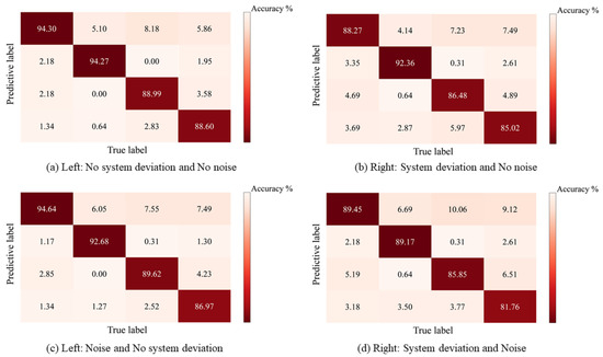 This section shows the fault diagnosis results obtained by the CNN method in this study for four cases in terms of crack location and depth. The confusion matrix of the blade crack location detection results is depicted in Figure 9. Positions 0 to 3 indicate no crack, top cracks, mid cracks, and root cracks, respectively. In addition, the values in the matrix reflect the proportion of correct detections in the true value to the total number of results in that category. As shown in Figure 9, the classification of crack faults is weak for locations 2 and 3; locations 0 and 1 are better, and the classification results are more than 80% for each case. The results show that the CNN is very effective at this task. However, many crack faults are not diagnosed as cracks, since the crack fault characteristics are imparted upon the no-crack blades during the coupling action, leading to confusion in the diagnostic identification. It is evident from a comparison of Figure 9a–c that deviations have a stronger influence on crack fault prediction, particularly for the prediction of no cracks. Since noise has less impact on the identification method than systematic deviation does, system deviation directly affects the identification of blade vibration characteristics.
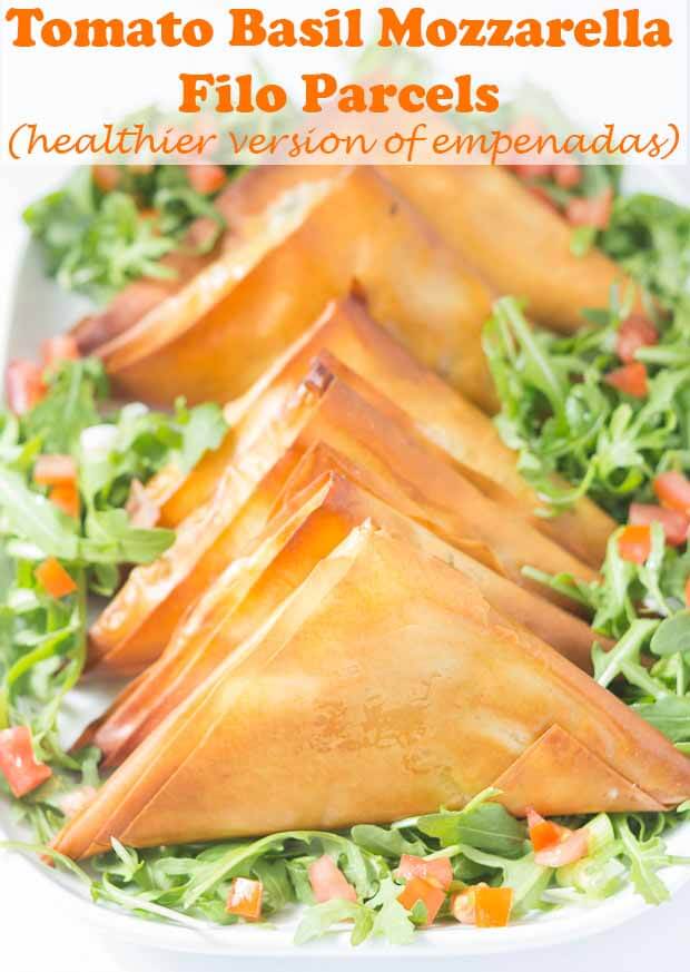 Tomato basil mozzarella filo parcels are a delicious healthier version of Empanadas. All the classic flavours you would expect from a tomato basil mozzarella Empanada but with less calories and fat!
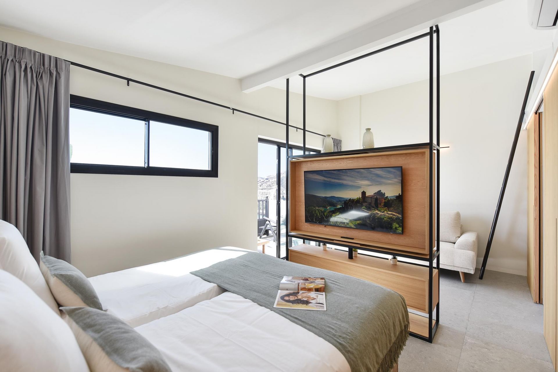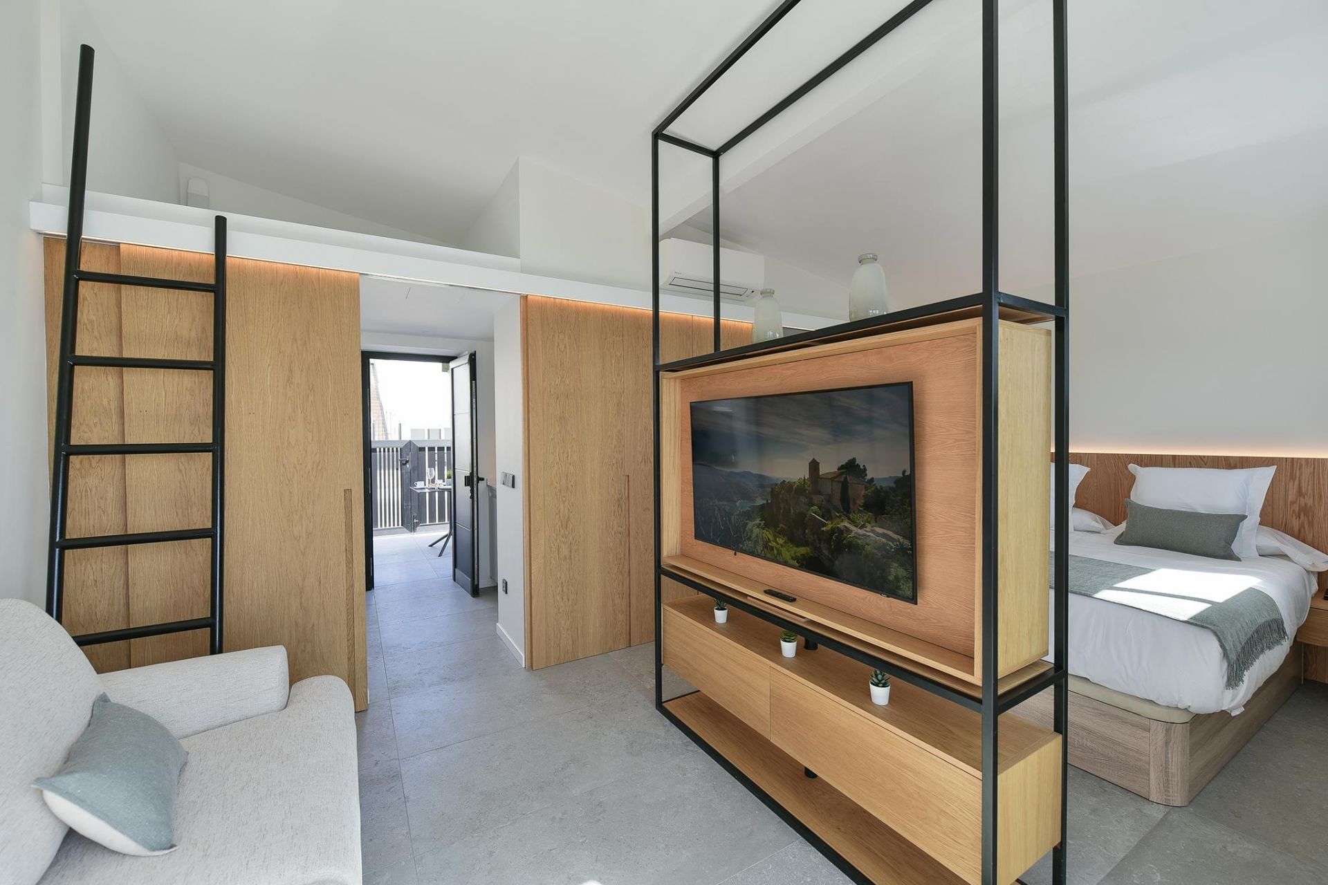 Este estudio ofrece un espacio abierto que combina la zona de estar y la habitación, creando una sensación de amplitud y luminosidad. El diseño moderno y minimalista, recién reformado, refleja un cuidado meticuloso por los detalles y una atención especial al confort del huésped.
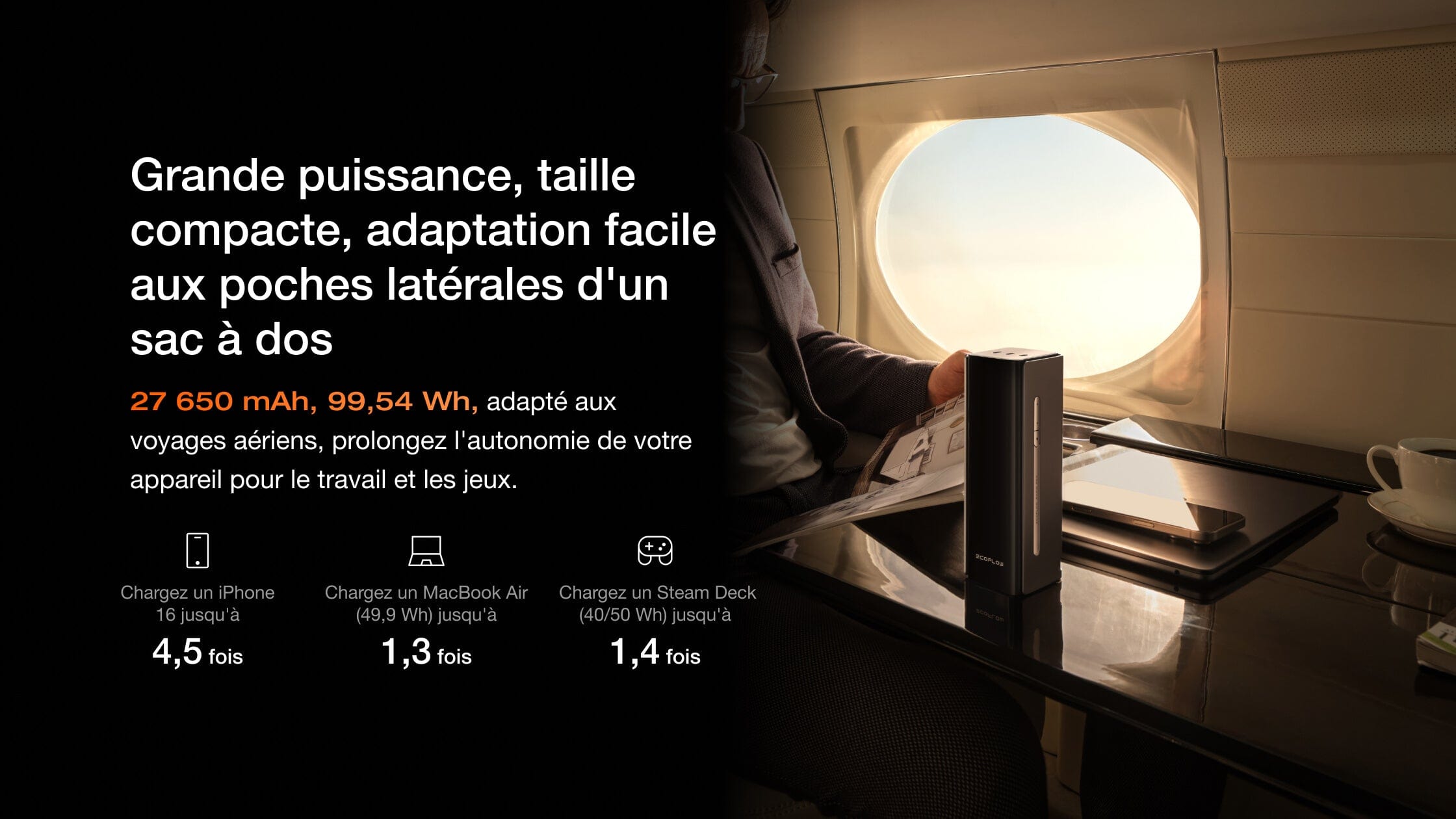 Oui, conformément aux réglementations de l'Organisation de l'aviation civile internationale (OACI) et de la plupart des compagnies aériennes, il est autorisé de transporter une batterie externe d'une capacité inférieure à 100 Wh. La RAPID Pro, d'une capacité de 27 650 mAh (99,54 Wh), répond à cette exigence et peut être transportée à bord sans souci.

·····

◆ **The problem**: If the material above contains pictures, exclude them from an otherwise exact transcription.

◆ **Task output**:
 This section shows the fault diagnosis results obtained by the CNN method in this study for four cases in terms of crack location and depth. The confusion matrix of the blade crack location detection results is depicted in Figure 9. Positions 0 to 3 indicate no crack, top cracks, mid cracks, and root cracks, respectively. In addition, the values in the matrix reflect the proportion of correct detections in the true value to the total number of results in that category. As shown in Figure 9, the classification of crack faults is weak for locations 2 and 3; locations 0 and 1 are better, and the classification results are more than 80% for each case. The results show that the CNN is very effective at this task. However, many crack faults are not diagnosed as cracks, since the crack fault characteristics are imparted upon the no-crack blades during the coupling action, leading to confusion in the diagnostic identification. It is evident from a comparison of Figure 9a–c that deviations have a stronger influence on crack fault prediction, particularly for the prediction of no cracks. Since noise has less impact on the identification method than systematic deviation does, system deviation directly affects the identification of blade vibration characteristics.
 Tomato basil mozzarella filo parcels are a delicious healthier version of Empanadas. All the classic flavours you would expect from a tomato basil mozzarella Empanada but with less calories and fat!
 Este estudio ofrece un espacio abierto que combina la zona de estar y la habitación, creando una sensación de amplitud y luminosidad. El diseño moderno y minimalista, recién reformado, refleja un cuidado meticuloso por los detalles y una atención especial al confort del huésped.
 Oui, conformément aux réglementations de l'Organisation de l'aviation civile internationale (OACI) et de la plupart des compagnies aériennes, il est autorisé de transporter une batterie externe d'une capacité inférieure à 100 Wh. La RAPID Pro, d'une capacité de 27 650 mAh (99,54 Wh), répond à cette exigence et peut être transportée à bord sans souci.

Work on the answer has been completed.